You should get an output starting with:

Found total of 331793 texts

Step 1: Remove exact duplicates, and only keep most recent note per hospital stay.
  Removed 0 / 331793 exact duplicates.
  Removed 0 / 331793 notes from same hospital stay.
Pandas Apply: 100%|█████████████████████████████████████████████████████████████████████████| 331793/331793 [00:01<00:00, 326553.88it/s]
Pandas Apply: 100%|████████████████████████████████████████████████████████████████████████████████| 318/318 [00:00<00:00, 91795.50it/s]

[...]

Total entries: 100175.

Output data to /root/mimic-iv-note-di/dataset

The resulting csv still contains all comlumns of the MIMIC-IV-Note database and should be stored in the output_dir. Based on this we can create different datasets using the complete hopsital course or only the brief hospital course as a reference. We will create both here.

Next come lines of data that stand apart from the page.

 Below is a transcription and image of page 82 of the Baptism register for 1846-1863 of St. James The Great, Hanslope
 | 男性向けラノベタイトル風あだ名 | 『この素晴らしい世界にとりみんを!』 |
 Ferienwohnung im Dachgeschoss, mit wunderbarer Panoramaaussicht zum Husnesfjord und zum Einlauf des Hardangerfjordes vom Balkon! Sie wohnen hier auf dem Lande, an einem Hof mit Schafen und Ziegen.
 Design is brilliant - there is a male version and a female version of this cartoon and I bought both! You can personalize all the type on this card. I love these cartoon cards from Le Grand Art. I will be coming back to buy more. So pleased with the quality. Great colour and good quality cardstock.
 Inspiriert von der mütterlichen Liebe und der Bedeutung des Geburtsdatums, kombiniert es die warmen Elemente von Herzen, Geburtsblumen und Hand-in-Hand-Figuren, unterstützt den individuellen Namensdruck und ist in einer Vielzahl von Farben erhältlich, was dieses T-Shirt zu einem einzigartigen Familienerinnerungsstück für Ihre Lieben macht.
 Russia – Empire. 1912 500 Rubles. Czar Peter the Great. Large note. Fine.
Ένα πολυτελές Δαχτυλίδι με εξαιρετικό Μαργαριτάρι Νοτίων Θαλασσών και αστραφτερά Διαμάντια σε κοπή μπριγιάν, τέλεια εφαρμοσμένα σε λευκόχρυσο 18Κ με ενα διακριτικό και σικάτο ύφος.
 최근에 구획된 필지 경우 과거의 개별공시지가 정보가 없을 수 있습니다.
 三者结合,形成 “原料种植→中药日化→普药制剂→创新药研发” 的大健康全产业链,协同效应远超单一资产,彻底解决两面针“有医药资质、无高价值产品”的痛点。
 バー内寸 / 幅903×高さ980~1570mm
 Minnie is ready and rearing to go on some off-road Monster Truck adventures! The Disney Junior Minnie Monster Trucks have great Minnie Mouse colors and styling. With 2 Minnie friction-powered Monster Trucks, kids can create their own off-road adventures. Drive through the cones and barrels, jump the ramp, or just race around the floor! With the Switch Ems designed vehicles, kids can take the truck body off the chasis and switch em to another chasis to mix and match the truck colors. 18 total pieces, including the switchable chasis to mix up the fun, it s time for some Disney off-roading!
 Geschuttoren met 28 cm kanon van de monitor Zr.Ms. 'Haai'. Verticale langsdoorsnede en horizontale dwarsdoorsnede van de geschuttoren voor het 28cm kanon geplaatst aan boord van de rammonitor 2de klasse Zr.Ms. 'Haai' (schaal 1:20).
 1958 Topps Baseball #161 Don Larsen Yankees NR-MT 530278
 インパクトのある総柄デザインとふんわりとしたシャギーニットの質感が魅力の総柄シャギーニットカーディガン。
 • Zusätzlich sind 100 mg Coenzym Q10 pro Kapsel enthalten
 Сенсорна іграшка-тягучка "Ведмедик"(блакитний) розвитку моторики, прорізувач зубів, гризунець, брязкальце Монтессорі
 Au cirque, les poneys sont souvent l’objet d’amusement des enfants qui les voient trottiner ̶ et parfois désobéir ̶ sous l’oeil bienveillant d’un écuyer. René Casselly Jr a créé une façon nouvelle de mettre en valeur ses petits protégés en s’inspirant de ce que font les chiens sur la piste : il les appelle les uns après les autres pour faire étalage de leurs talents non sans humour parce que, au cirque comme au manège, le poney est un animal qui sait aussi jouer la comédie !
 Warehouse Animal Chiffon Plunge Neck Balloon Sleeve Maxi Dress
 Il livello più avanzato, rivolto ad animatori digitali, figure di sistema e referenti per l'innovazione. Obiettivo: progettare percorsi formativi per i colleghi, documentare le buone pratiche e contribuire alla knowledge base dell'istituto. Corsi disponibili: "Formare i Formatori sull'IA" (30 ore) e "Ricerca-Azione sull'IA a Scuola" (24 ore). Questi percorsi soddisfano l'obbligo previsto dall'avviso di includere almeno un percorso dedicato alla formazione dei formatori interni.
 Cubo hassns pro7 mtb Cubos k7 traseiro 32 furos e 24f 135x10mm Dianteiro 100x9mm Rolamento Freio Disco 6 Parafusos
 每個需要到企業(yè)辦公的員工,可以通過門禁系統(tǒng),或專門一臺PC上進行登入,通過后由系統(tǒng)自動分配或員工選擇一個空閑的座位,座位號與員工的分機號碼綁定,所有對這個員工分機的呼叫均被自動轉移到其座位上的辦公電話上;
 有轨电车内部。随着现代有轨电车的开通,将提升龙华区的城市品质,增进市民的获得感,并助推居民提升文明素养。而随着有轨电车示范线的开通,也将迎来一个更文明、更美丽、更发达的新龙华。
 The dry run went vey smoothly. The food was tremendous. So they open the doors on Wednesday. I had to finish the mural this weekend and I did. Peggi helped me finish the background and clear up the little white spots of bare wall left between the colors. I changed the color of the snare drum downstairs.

Select Dataset Columns and Create Splits

To select the relevant colums and create dataset splits, we use a separate script split_dataset.py. The following command will use the full hospital course as a reference and the preprocessed summary column as summary.

python /root/patient_summaries_with_llms/preprocess/split_dataset.py \
  --input_file /root/mimic-iv-note-di/dataset/mimic_processed_summaries.csv \
  --output_dir /root/mimic-iv-note-di/dataset \
  --hospital_course_column hospital_course \
  --summary_column summary

Found total of 100175 texts
  Wrote 80140 train, 10017 valid, and 10017 test examples to /root/mimic-iv-note-di/dataset

To create a separate version of the dataset using the shorter brief_hospital_course as a reference execute:

mkdir /root/mimic-iv-note-di-bhc
mkdir /root/mimic-iv-note-di-bhc/dataset
python /root/patient_summaries_with_llms/preprocess/split_dataset.py \
  --input_file /root/mimic-iv-note-di/dataset/mimic_processed_summaries.csv \
  --output_dir /root/mimic-iv-note-di-bhc/dataset \
  --hospital_course_column brief_hospital_course \
  --summary_column summary
Found total of 100175 texts
  Wrote 80140 train, 10017 valid, and 10017 test examples to /root/mimic-iv-note-di-bhc/dataset

As a consequence, we have the jsonl files all.json, train.json, valid.json, test.json in the directories /root/mimic-iv-note-di/dataset and /root/mimic-iv-note-di-bhc/dataset for the full hospital course and the brief hospital course as references, respectively. In this work we focus on the brief hospital course.

Create Dataset Embeddings

To create the t-SNE embeddings of the summaries, we used a Jupyter notebook visualize_summary_embeddings.ipynb. Based on the dataset splits above, one has to adapt the following paths at the top of the notebook. The file all_unprocessed.json contains the unprocessed summaries. It was obtained using the split_dataset.py script on the summaries outputted from the preprocessing directly after the split into hospital course and summary. Hence, these summaries were not altered.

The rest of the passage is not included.